The Rainfall Workgroup also leverages data from global climate models. In this case, the workgroup uses outputs to estimate changes in rainfall as global air temperature increases. These estimates are derived for several scenarios of warming through 2040, 2050, 2070, and 2080, and they are provided for storms of different durations and intensities.  

Another type of scientific model, flood models, are used to estimate the speed, direction, and depth of water that flows during inundation events. Flood models include physical processes, such as the dynamics of the ocean and atmosphere, and real-world characteristics like landscapes, buildings, roads, canals, and stormwater systems. By running these models under different scenarios of potential flooding, we can investigate the behavior of floodwaters and resulting impacts to infrastructure. The Florida Flood Hub produces and compiles data that are essential to these simulations. 

Many different types of inputs are used in climate and flood models. Models rely on high-quality data to provide the best estimates of future conditions.

Scientific models are useful tools for estimating future outcomes. However, the real world is complex and replete with uncertainties, so models require high-quality data to make their estimates as accurate as possible.  

Two important steps — calibration and validation — help reduce errors and uncertainties when developing and applying a model. Calibration involves adjusting model parameters to find the best simulation of the real-world environment by comparing outputs to observed data. Validation is then performed to test the newly tuned model’s ability to simulate different historical events.  
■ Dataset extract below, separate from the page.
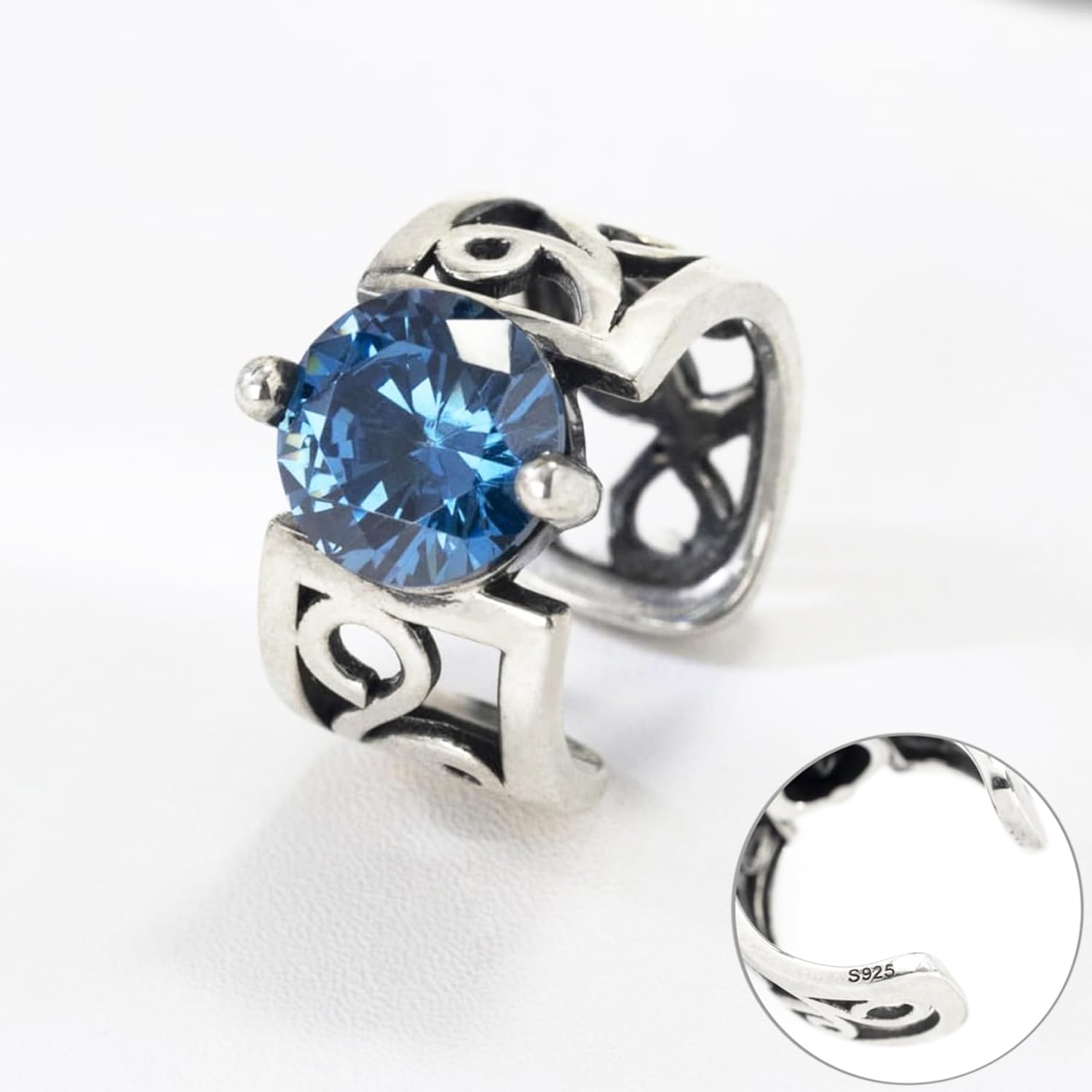 商品の詳細:イヤーカフの外径:約12 mm/内径:約10 mm。サイズ:幅 7 mm、厚さ1 mm;石のサイズ:6 mm。素材:シルバー925(刻印有)、合成サファイア。付属品:精美な包装ケース

Calibration and validation require accurate observations, which can be gathered using scientific instruments, like satellites and tide gauges, or through surveys of flooding. The Florida Flood Hub supports statewide efforts to improve high-quality data that can better inform numerical modeling. One example is an ongoing partnership with the University of South Florida’s College of Marine Science, which will increase the number of tide gauges around Florida.  

So, the next time you see construction on stormwater culverts or pipes, remember that outputs from scientific models helped guide those efforts to protect against current and future hazards. By working with stakeholders across the state to tailor existing models, develop new models, and inventory modeling efforts, the Flood Hub empowers communities to take actions that build a resilient future.